Don’t get me wrong. I am not trying to substitute an old-age theory of war for the tried and tested Marxist analysis of the capitalist causes of war. And I am not proposing a panacea that would abolish war without abolishing its capitalist causes. All I am doing is calling attention to a certain relationship that gripes me to the point of fury.
My blood began to boil faster when I read in the Feb. 19 N.Y. Times of a hearing by the House Foreign Affairs Committee on further Marshall Plan appropriations. Charles A. Eaton, Republican congressman from New Jersey, was quoted as saying: “Why don’t we send our soldiers into Greece and clean up the guerrillas?” He was also quoted as saying that “we might save ourselves some money” if American troops accompanied dollars to Greece, and that “sooner or later we’re going to have to do something there.”
It didn’t make me feel any better to learn from the same story that the administration spokesman to whom these remarks were directed evaded giving a straight answer, and that after the hearing Eaton told reporters “his question was not meant to be an outright recommendation that American troops take the field against the guerrillas. He contended, however, that it was a question that should undergo debate, and that he had posed it for that reason.”
Running to the nearest Who’s Who, I soon found my worst suspicions confirmed. Eaton, it disclosed, was born Mar. 29, 1868 – less than three years after the end of the Civil War. During the Spanish-American War, when he was 30, he didn’t get a taste of that well-known character-building Army life because he was employed as a Baptist minister. When the First World War came, he was 49 and still earning his keep by preaching. Some ministers went into the Army as chaplains, but Eaton did his bit in New York as head of the national service section of the U.S. Shipping Board Emergency Fleet Corporation from Nov. 1917–1919. This experience must have broadened his horizons because he gave up preaching and became head of the “industrial relations department” of National Lamp Works, General Electric, and describes himself in Who’s Who as an “expert in industrial relations,” among other things. In 1925 he was rewarded with a seat in Congress, was present at the age of 73 to vote “aye” on U.S. entry into the Second World War, and today, on the eve of his 83rd birthday, hopes to be around to do the same on World War III.

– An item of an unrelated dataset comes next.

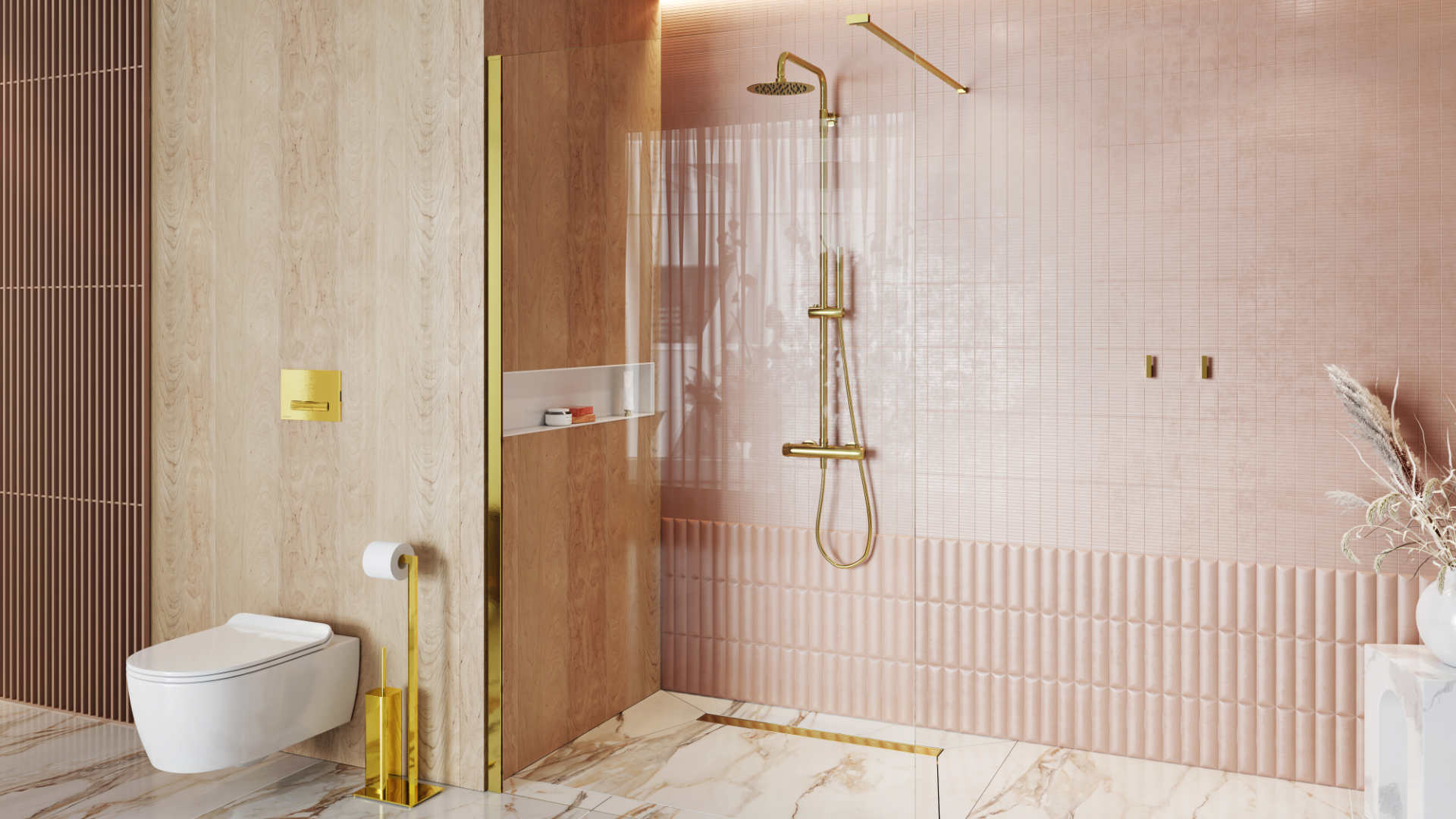 Wykonany z wysokiej jakości mosiądzu, zestaw wyróżnia się nie tylko trwałością i niezawodnością, ale również eleganckim, nowoczesnym designem. Kolor złoty połysk nadaje łazience wyrafinowanego charakteru, doskonale wpisując się w zarówno klasyczne, jak i minimalistyczne aranżacje.

I respect old age as much as the next man and I don’t want to pit one age group against another, but it seems to me incidents of this kind ought to infuriate other young men as much as it does me. Potential fellow-draftees! I say that sooner or later we’re going to have to do something here so that we won’t have to “save ourselves some money” by a trip to Greece. Unfortunately, I have not yet worked out a suitable plan. At first I thought of forming a League to Counteract Belligerent Dotards, except that Attorney General Clark would quickly stick it on his “subversive” list. Does anybody else have a plan?
And please don’t tell me that young capitalist politicians also preach war and follow policies designed to bring it about – I know it as well as you do. But with them I at least have the small satisfaction of hoping a few may not be able to escape the draft and a taste of their own medicine. While the worst that can happen to the Eatons, if they live long enough to see what they so fervently desire, is a quick end from an atomic bomb. And I say that’s too good for them.